┌─ Records supplied

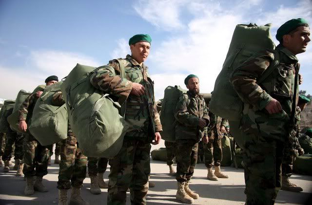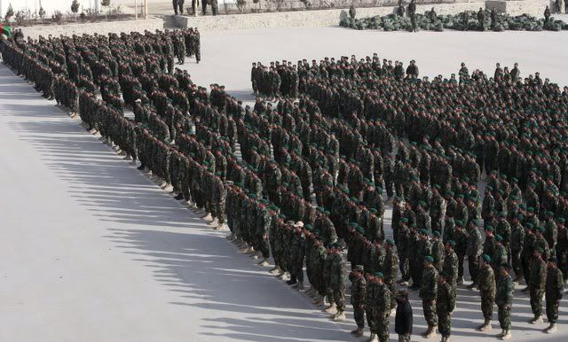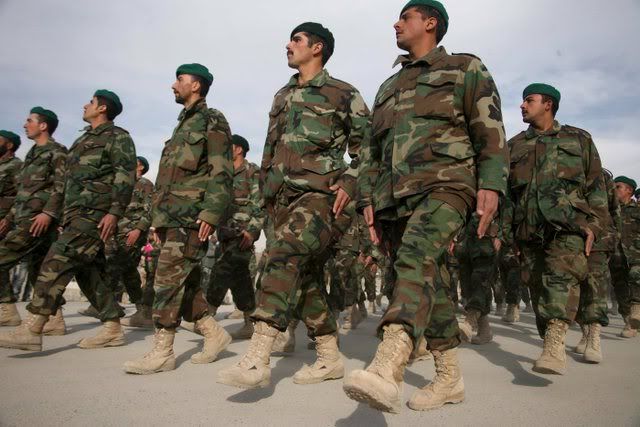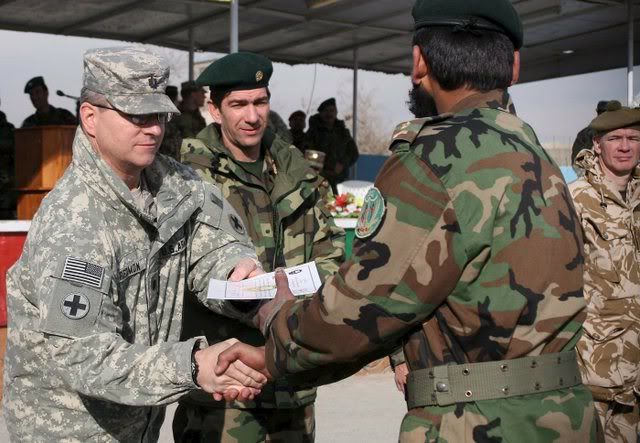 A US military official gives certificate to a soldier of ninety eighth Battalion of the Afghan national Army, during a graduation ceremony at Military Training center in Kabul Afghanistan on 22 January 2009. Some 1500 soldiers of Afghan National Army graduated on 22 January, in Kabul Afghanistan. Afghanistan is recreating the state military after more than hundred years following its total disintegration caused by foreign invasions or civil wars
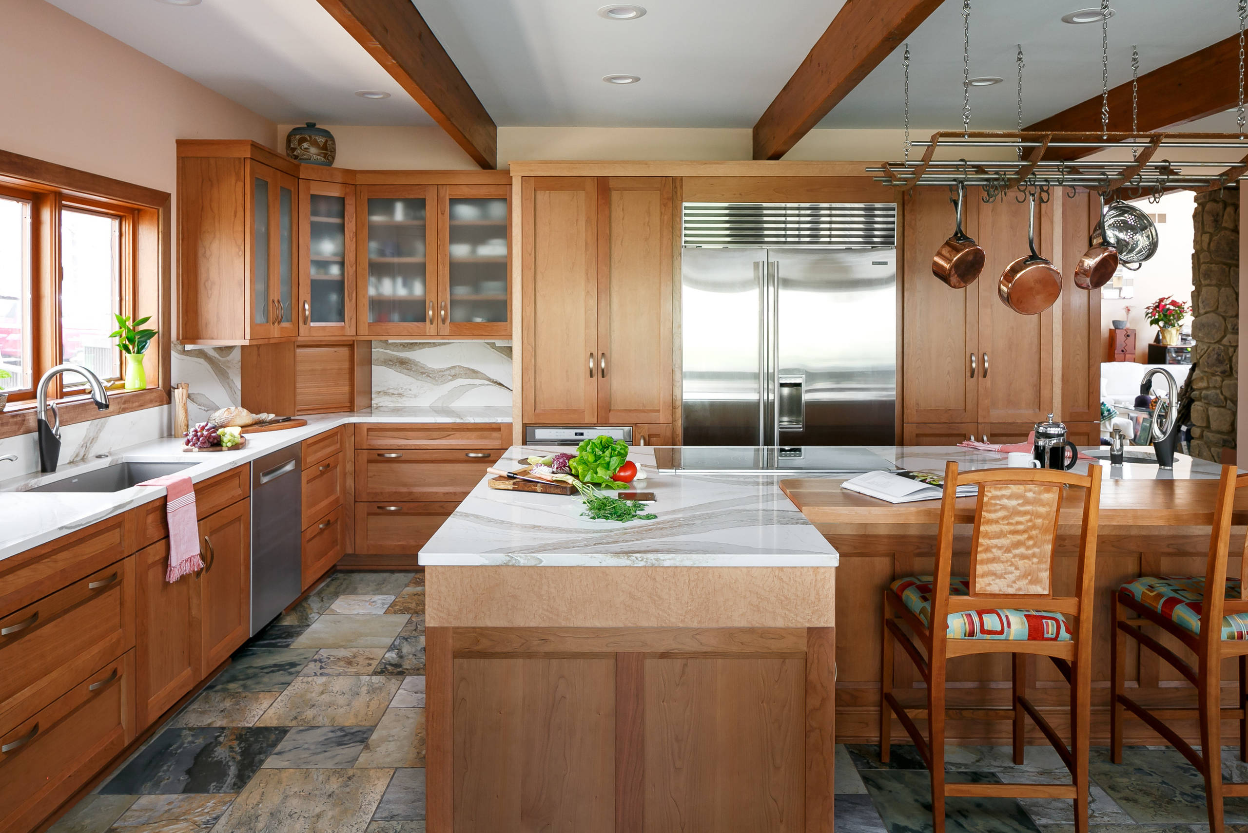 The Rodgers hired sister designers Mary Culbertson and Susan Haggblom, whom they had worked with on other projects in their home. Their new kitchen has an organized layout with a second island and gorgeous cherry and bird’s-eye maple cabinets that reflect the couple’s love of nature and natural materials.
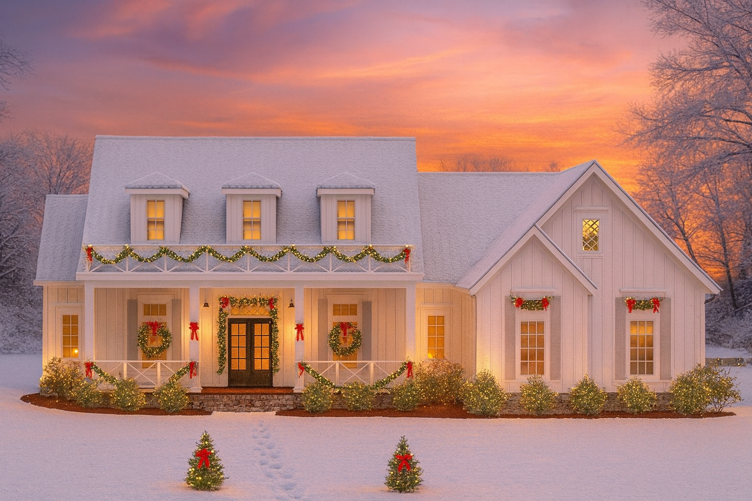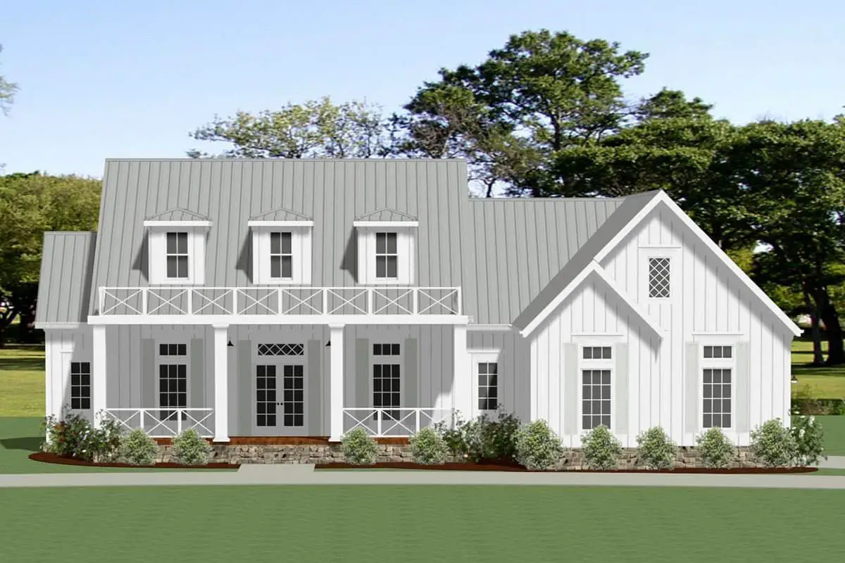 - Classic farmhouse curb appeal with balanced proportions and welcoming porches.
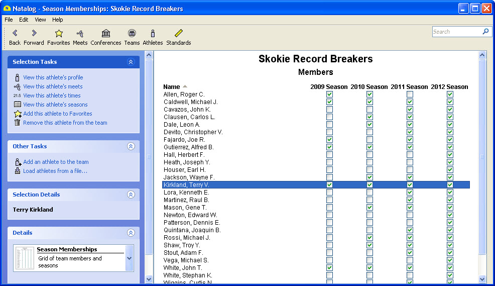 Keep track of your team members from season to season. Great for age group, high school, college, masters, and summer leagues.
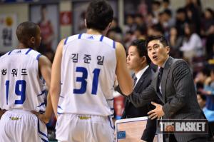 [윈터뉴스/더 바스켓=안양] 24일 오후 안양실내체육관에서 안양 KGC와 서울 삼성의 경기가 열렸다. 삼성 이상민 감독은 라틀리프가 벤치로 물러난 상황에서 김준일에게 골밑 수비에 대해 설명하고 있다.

└─
┌─ Records supplied

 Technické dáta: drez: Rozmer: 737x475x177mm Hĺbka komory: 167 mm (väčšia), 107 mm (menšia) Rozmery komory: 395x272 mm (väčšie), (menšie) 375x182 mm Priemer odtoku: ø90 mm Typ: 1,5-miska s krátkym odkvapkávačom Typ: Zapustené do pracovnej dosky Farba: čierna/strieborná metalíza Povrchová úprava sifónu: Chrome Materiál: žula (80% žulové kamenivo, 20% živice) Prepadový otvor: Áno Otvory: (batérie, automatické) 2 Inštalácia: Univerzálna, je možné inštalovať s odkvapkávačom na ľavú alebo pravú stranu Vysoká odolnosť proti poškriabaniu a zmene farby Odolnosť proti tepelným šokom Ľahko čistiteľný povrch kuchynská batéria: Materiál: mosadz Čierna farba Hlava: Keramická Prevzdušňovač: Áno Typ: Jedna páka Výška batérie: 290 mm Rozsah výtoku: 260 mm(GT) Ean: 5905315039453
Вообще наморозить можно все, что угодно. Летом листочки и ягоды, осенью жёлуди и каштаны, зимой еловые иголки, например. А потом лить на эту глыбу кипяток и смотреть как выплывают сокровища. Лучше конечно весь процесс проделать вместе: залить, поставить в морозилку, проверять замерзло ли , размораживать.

└─
┌─ Records supplied

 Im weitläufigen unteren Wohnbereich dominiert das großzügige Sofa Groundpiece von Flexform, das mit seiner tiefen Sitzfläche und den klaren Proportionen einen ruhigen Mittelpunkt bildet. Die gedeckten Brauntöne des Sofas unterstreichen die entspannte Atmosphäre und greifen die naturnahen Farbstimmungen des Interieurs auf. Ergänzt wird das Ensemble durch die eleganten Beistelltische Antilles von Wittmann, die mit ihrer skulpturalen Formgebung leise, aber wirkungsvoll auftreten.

└─

What needs to be done »
Give back exactly, and solely, the section of the data above bounded by the line containing "Keep track of" and the line containing "[윈터뉴스/더 바스켓=안양] 24일", both bounding lines included and pictures omitted.

Exercise output »
 Keep track of your team members from season to season. Great for age group, high school, college, masters, and summer leagues.
 [윈터뉴스/더 바스켓=안양] 24일 오후 안양실내체육관에서 안양 KGC와 서울 삼성의 경기가 열렸다. 삼성 이상민 감독은 라틀리프가 벤치로 물러난 상황에서 김준일에게 골밑 수비에 대해 설명하고 있다.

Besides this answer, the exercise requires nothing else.